Daniel Butler Receives NSF Grant for State Politics Project

15056

Daniel Butler Receives NSF Grant for State Politics Project


Professor of Political Science, and Director of Undergraduate Studies for Political Science, Daniel Butler, has received a a grant from the National Science Foundation (NSF) for a state politics project. The project, titled, "The State of the State: Archival, Unstructured Data and Machine Learning", looks to create a first of its kind digital database of US governor's State of the State speeches. According to Butler:

Our team has been awarded a grant from the National Science Foundation to build the first-ever comprehensive digital database of U.S. governors’ State of the State addresses. This project will open up new ways to study how state politics are becoming nationalized and create resources for researchers, educators, and the public. We’re thrilled to bring students into this work and to share our findings widely.

The project will be a collaboration with WashU graduate students and students and faculty from Emory University. The abstract from the NSF is available below:

This project uses machine learning to create a database of State of the State (SOTS) addresses from 1800 to 2016 and state-level agendas. The data collection involves collecting and cleaning the full set of speeches from governors over time. SOTS data are stored at publicly available data repositories and a website developed by the PIs. Methodologically, the project advances the study of unstructured data and the use of artificial intelligence and machine learning. The data support knowledge and scholarship related to public decision and provide a web resource for educators and journalists.

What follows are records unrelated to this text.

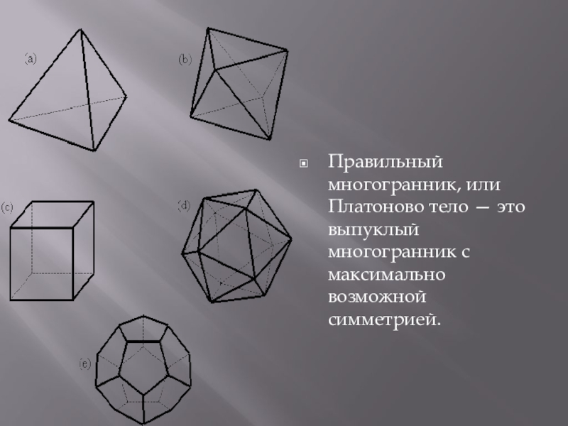 Слайд 4Правильный многогранник, или Платоново тело — это выпуклый многогранник с максимально
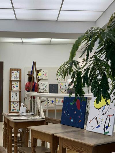 三椏珈琲室さんのおいしいドリンクを手に渋田さんのアートを楽しまれている
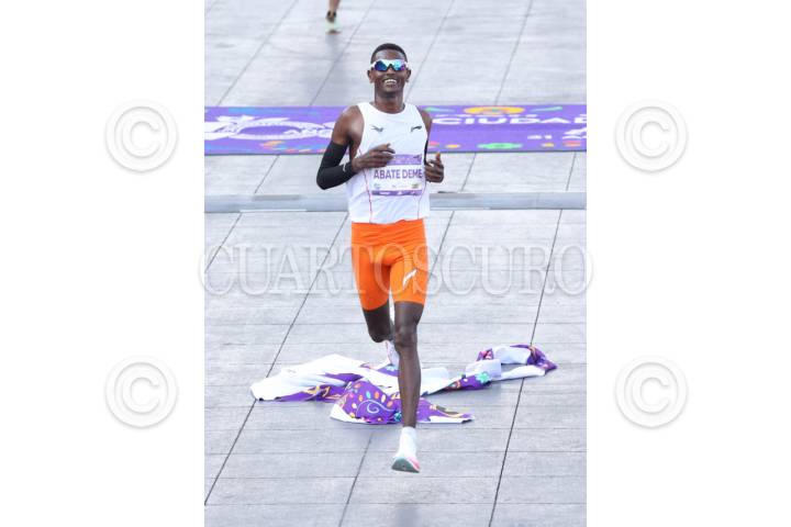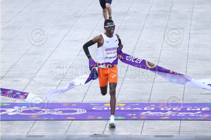 CIUDAD DE MÉXICO, 31AGOSTO2025.- Tadu Abate Deme, corredor de Etiopía, fue el ganador en la rama varonil del XLII Maratón de la Ciudad de México, con un tiempo de 2 horas con 11 minutos, al llegar a la meta del Zócalo. FOTO: MOISÉS PABLO/CUARTOSCURO.COM
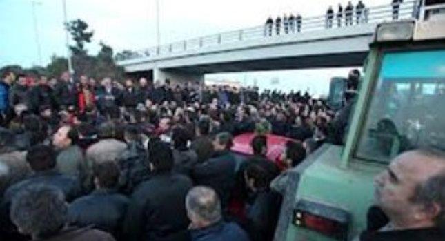 Φωνάζοντας συνθήματα κατά της κρατικής βίας, χιλιάδες αγρότες, εργάτες και φοιτητές, εδώ και λίγα λεπτά της ώρας, έχουν χωρίσει τη χώρα στα δύο, κλείνοντας την ΠΑΘΕ στο ύψος του κόμβου της Νίκαιας.
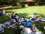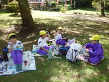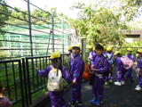 9月26日(金)はファミリーパークへ校外学習へ行きました。小動物と触れ合った後は、各色団に分かれ、地図を見ながら自分たちが選んだ動物を見学しました。「こっちのほうだよ。」」「ちゃんと並んで」と声を掛け合って歩きました。2年生が1年生を優しくサポートする姿も見られました。見学をした後は、芝生広場で仲よくお弁当を食べました。「おいしかったよ!」と嬉しそうに話してくれました。アスレチックをしたり鬼ごっこをしたりもしました。たっぷり遊んで帰りはへとへとになりましたが、心に残る楽しい校外学習でした。
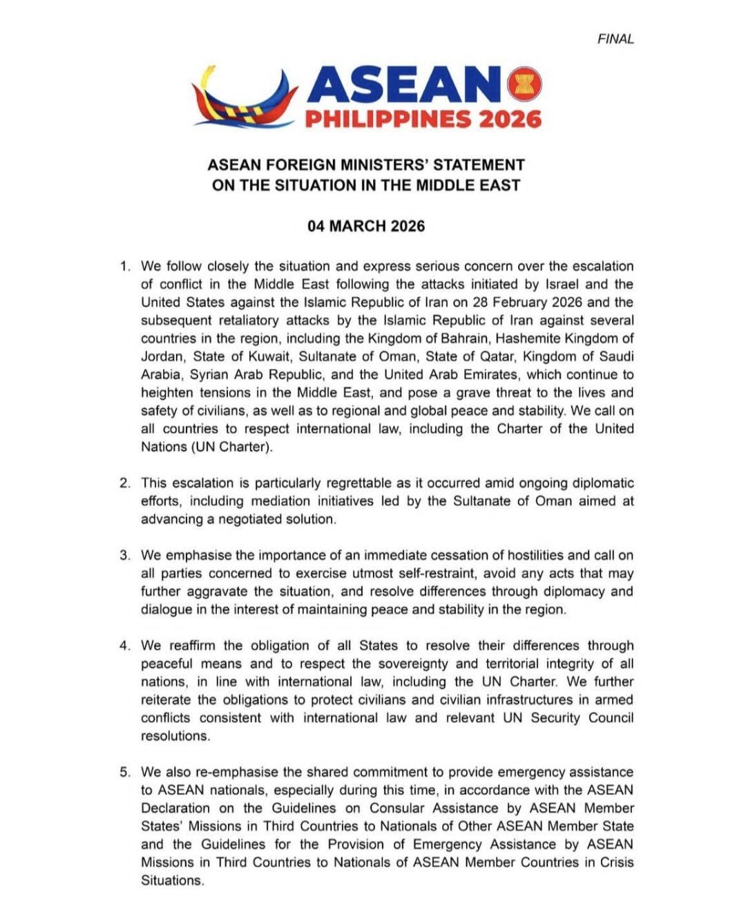 Bildiride çatışmaların derhal sona erdirilmesinin önemine vurgu yapılarak, tüm taraflara azami itidal göstermeleri, durumu daha da ağırlaştırabilecek adımlardan kaçınmaları ve anlaşmazlıkları diplomasi ve diyalog yoluyla çözmeleri çağrısında bulunuldu. Ayrıca silahlı çatışmalarda sivillerin ve sivil altyapının korunmasının uluslararası hukuk ve ilgili Birleşmiş Milletler Güvenlik Konseyi kararları çerçevesindeki yükümlülükler hatırlatıldı. ASEAN, krizden etkilenen üye ülke vatandaşlarına acil konsolosluk ve insani destek sağlanması konusunda ortak hareket edileceğini de duyurdu.

This project extends the SOTS dataset that covers state-of-the-state addresses from 1800 to 2016. The PIs collect, process, and analyze SOTS speeches from years prior to 1960, using techniques developed to overcome poor quality documents implemented through software created by one of the PIs. The software applies machine learning to isolate, enhance, and extract text from hard-to-read documents, correcting document layout problems with a novel statistical approach before it runs optical character recognition (OCR). This results in a significantly higher level of accuracy than other current approaches.

This award reflects NSF's statutory mission and has been deemed worthy of support through evaluation using the Foundation's intellectual merit and broader impacts review criteria.

Initial funding for this research was provided through a Weidenbaum Center small grant award.